> **DATA EXTRACT**
◇ ◇ ◇ ◇
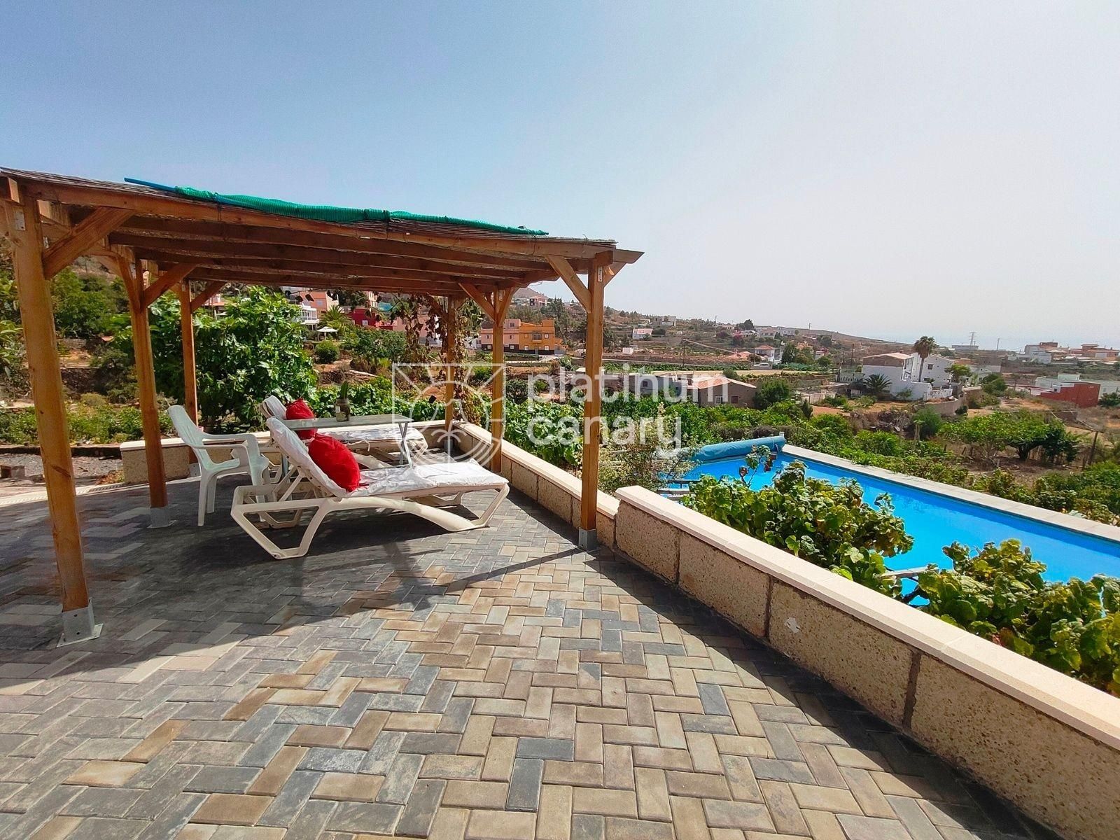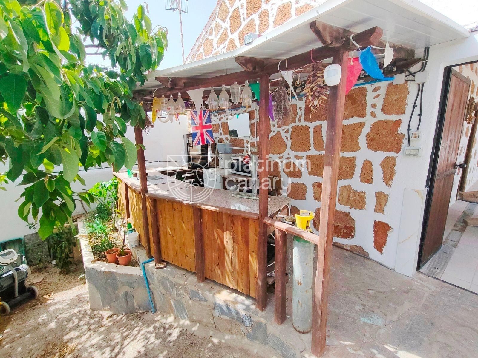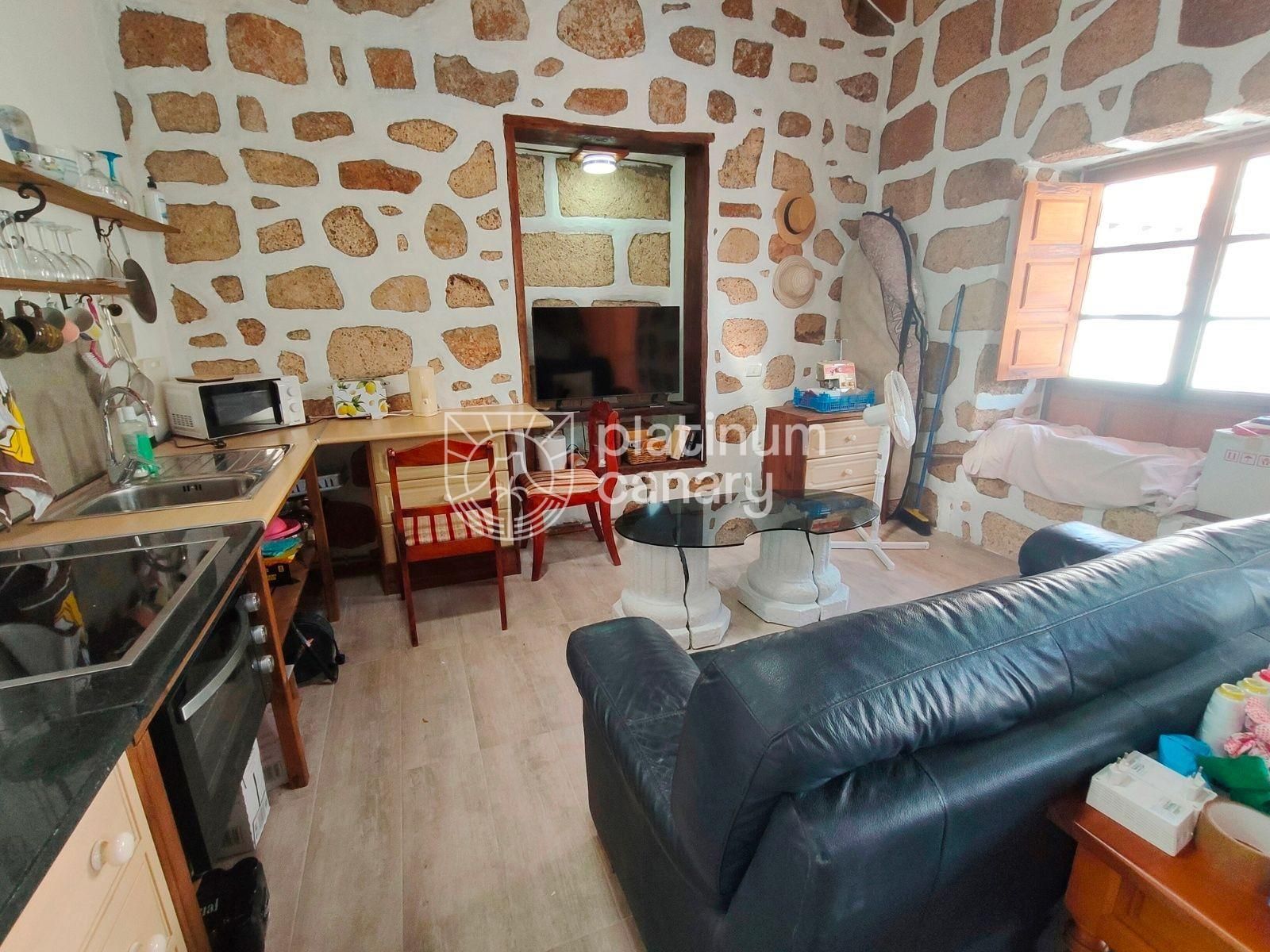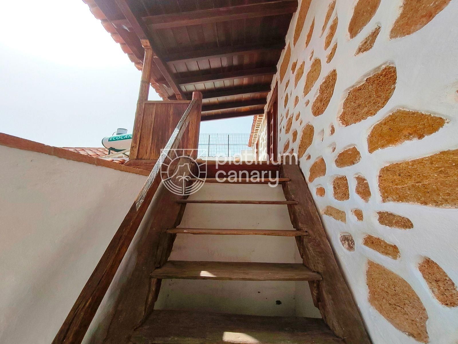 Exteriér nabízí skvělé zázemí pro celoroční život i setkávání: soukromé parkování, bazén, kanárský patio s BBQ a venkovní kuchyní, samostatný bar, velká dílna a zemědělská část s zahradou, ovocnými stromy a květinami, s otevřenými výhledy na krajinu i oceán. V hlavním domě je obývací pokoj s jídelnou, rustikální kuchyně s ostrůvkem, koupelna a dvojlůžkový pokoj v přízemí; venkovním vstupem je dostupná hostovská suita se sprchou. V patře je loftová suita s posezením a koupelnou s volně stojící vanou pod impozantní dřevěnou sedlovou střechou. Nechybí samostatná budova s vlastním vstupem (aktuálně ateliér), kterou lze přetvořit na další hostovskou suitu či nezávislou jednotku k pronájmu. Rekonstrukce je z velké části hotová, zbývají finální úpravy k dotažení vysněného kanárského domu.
◇ ◇ ◇ ◇
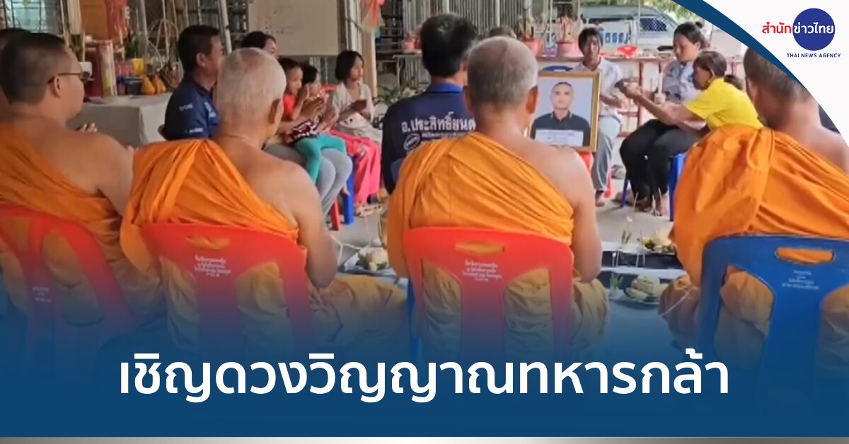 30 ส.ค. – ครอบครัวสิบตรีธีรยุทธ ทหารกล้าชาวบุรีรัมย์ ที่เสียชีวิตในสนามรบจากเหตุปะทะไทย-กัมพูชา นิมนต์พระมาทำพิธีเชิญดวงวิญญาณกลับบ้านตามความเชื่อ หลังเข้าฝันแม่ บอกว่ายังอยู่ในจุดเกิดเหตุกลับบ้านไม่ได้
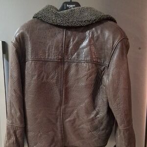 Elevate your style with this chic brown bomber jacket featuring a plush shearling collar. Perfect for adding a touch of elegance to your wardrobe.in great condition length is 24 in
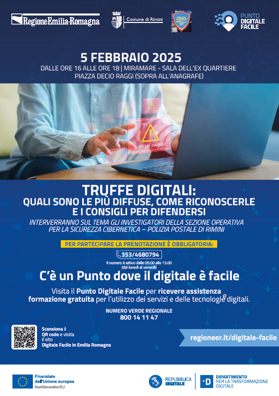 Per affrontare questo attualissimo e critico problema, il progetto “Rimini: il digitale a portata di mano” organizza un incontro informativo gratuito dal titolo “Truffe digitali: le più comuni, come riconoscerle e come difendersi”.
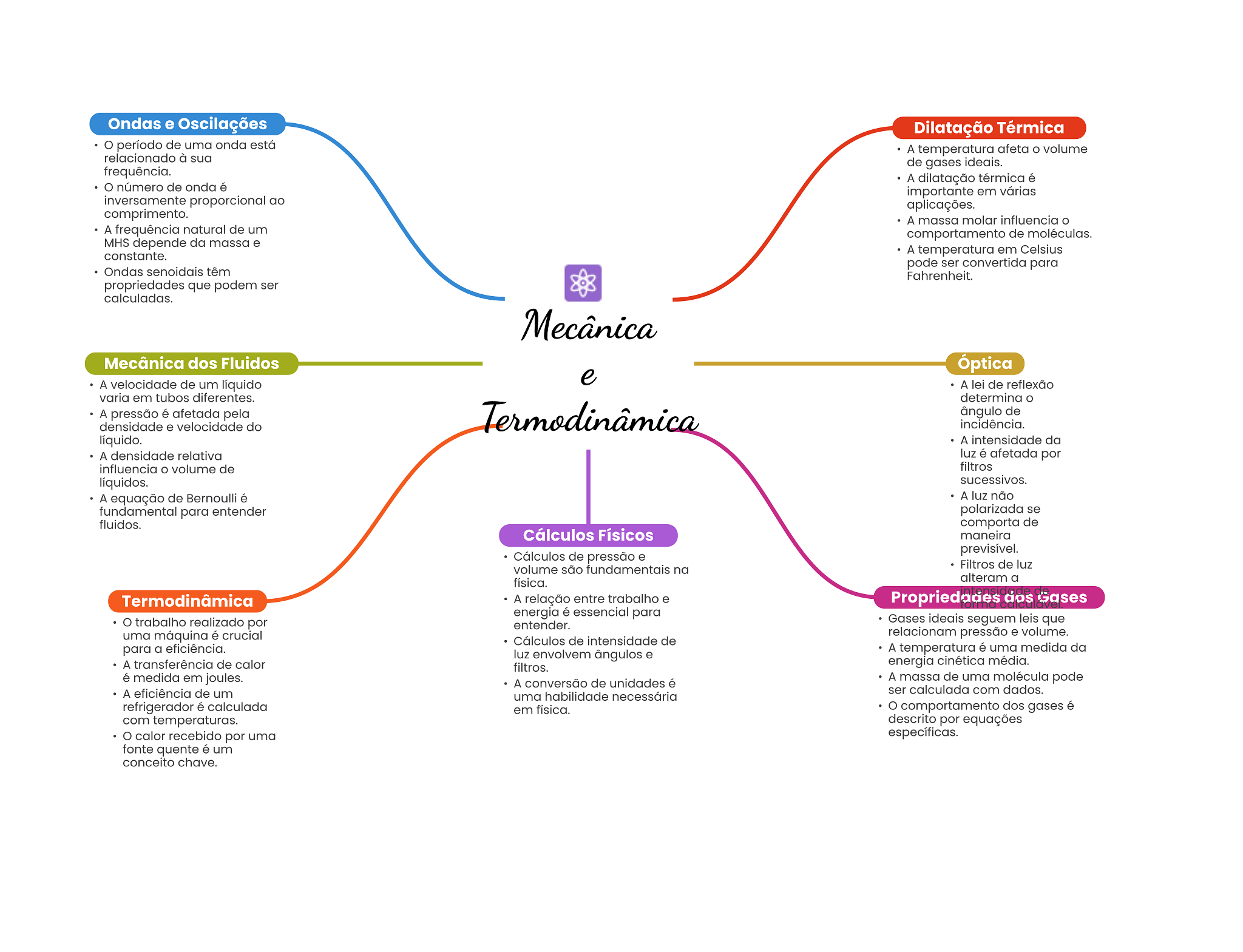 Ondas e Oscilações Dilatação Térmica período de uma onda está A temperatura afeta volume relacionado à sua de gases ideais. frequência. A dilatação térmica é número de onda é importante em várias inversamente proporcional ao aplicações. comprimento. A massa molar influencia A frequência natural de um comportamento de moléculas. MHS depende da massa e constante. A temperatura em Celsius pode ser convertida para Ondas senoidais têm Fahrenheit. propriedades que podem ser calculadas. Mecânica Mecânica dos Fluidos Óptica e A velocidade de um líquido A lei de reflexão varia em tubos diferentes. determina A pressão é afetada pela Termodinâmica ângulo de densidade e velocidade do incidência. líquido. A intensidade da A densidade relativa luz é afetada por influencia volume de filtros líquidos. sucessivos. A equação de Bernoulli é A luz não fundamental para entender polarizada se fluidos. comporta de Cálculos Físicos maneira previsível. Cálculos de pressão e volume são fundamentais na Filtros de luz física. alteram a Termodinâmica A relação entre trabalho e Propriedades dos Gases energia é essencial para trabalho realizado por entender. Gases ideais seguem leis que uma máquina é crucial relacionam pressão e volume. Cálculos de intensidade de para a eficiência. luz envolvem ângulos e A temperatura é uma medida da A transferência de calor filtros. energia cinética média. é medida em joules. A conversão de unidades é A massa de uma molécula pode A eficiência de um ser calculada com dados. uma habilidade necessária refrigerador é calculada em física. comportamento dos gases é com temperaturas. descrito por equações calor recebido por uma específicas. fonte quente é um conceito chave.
◇ ◇ ◇ ◇
> **TRY IT**
Look above for the line with "Elevate your style" and the line with "Per affrontare questo"; set down those two lines and all lines between them exactly, without pictures and without anything else.

> **TASK OUTPUT**
 Elevate your style with this chic brown bomber jacket featuring a plush shearling collar. Perfect for adding a touch of elegance to your wardrobe.in great condition length is 24 in
 Per affrontare questo attualissimo e critico problema, il progetto “Rimini: il digitale a portata di mano” organizza un incontro informativo gratuito dal titolo “Truffe digitali: le più comuni, come riconoscerle e come difendersi”.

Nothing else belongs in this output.